Data rampage and data drought; as machine learning practitioners, we’re often drowning in what we can’t use, and desperate for what doesn’t exist.
On the one hand, supervised learning is the bread-and-butter of machine learning (ML) techniques, but is powered by labeled data which is tedious and expensive to annotate. Alternatively, unsupervised learning uses unlabeled data, which without human-made annotations is often plentiful.

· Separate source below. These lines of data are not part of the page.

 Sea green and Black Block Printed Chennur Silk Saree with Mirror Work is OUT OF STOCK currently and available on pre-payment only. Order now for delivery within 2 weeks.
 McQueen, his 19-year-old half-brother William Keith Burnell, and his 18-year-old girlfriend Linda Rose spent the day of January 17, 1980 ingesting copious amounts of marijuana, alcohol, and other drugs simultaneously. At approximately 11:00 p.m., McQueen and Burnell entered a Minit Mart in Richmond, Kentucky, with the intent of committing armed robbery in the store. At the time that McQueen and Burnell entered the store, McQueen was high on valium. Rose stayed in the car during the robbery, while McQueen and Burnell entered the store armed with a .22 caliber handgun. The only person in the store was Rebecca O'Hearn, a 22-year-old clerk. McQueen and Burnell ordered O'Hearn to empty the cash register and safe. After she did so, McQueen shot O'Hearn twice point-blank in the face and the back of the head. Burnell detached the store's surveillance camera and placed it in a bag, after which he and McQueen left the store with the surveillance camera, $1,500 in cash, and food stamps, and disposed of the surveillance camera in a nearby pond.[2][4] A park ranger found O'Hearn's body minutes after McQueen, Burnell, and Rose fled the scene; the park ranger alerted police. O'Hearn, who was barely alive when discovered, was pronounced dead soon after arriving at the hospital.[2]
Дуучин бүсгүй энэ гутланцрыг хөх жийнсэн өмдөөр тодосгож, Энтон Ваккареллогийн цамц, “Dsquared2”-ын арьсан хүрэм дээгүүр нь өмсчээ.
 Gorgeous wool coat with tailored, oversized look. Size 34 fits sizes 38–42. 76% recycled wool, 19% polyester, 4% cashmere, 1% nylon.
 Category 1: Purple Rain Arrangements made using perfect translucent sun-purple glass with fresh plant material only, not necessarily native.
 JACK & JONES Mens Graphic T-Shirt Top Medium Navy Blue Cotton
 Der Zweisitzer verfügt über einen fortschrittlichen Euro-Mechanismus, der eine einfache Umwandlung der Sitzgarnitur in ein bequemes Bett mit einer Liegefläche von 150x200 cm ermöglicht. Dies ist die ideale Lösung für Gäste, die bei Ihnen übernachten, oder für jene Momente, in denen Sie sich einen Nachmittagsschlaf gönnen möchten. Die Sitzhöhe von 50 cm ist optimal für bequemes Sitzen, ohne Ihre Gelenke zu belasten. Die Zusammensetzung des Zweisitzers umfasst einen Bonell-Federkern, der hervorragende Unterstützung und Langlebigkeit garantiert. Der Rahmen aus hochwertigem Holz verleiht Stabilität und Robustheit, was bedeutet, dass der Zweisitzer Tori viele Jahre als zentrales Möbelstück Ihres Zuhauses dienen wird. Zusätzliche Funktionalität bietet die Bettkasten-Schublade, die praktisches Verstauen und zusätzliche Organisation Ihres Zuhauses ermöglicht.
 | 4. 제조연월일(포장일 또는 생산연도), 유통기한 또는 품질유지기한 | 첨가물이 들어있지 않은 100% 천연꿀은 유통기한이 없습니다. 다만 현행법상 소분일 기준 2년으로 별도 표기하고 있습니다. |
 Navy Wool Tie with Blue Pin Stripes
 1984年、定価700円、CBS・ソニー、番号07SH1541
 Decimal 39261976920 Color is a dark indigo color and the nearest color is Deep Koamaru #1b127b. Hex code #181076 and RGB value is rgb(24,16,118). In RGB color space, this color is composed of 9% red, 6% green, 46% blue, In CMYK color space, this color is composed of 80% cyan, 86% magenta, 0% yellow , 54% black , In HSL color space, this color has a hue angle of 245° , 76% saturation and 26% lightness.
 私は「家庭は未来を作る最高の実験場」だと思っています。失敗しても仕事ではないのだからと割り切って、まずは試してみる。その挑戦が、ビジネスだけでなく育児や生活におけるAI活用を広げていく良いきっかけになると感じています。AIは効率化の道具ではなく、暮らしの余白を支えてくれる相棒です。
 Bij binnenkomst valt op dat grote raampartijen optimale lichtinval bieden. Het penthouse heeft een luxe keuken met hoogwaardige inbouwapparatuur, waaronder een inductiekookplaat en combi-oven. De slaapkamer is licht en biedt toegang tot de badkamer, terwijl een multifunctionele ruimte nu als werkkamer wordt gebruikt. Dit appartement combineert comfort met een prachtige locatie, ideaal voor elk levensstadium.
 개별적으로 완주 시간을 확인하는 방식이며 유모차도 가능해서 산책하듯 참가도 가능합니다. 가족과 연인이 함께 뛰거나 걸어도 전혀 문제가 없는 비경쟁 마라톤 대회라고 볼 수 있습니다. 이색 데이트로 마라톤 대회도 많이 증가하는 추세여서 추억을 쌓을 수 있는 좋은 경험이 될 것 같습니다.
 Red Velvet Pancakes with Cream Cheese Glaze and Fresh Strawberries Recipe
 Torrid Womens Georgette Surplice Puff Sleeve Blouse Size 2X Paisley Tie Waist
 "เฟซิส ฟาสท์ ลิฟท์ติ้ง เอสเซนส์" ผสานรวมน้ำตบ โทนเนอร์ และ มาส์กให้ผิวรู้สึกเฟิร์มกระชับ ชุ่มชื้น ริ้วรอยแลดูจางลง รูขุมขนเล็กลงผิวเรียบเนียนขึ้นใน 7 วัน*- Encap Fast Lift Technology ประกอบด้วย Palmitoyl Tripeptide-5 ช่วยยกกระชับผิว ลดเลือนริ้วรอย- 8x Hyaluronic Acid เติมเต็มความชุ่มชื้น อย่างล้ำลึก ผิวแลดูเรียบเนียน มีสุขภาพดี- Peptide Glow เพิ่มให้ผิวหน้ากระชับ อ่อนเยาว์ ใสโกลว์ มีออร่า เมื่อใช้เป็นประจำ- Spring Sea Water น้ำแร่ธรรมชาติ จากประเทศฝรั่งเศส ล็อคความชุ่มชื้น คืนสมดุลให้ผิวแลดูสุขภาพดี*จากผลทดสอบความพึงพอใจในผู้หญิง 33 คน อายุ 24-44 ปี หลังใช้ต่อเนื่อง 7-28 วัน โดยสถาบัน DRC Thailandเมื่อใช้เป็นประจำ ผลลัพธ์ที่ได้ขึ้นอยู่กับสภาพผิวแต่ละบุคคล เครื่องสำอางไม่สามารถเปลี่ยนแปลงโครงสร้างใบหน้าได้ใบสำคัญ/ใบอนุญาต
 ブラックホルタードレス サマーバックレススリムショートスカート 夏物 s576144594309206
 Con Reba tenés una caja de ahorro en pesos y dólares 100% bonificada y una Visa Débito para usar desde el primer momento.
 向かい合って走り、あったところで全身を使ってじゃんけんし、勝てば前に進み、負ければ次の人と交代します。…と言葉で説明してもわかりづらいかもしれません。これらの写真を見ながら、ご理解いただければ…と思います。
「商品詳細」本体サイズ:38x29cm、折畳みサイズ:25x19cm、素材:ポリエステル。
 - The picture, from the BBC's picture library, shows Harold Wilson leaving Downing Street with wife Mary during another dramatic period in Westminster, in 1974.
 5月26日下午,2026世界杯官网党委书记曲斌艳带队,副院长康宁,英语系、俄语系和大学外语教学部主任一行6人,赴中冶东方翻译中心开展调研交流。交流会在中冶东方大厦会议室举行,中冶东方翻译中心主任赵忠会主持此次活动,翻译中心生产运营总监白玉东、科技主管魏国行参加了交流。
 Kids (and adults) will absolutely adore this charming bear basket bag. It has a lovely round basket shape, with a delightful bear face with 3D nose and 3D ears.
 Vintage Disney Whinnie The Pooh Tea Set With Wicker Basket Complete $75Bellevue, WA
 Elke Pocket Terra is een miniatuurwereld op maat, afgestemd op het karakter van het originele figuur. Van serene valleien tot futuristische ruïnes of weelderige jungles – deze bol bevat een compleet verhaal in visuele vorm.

When used alone, either of these strategies is often impractical for training a model to deployment-ready benchmarks. Labeling an entire dataset is time-consuming and expensive, and unlabeled data may not provide the desired accuracy (… or F1 score 😁).
What if we have access to both types of data? Or what if we only want to label a percentage of our dataset? How can we combine both our labeled and unlabeled datasets to improve model performance?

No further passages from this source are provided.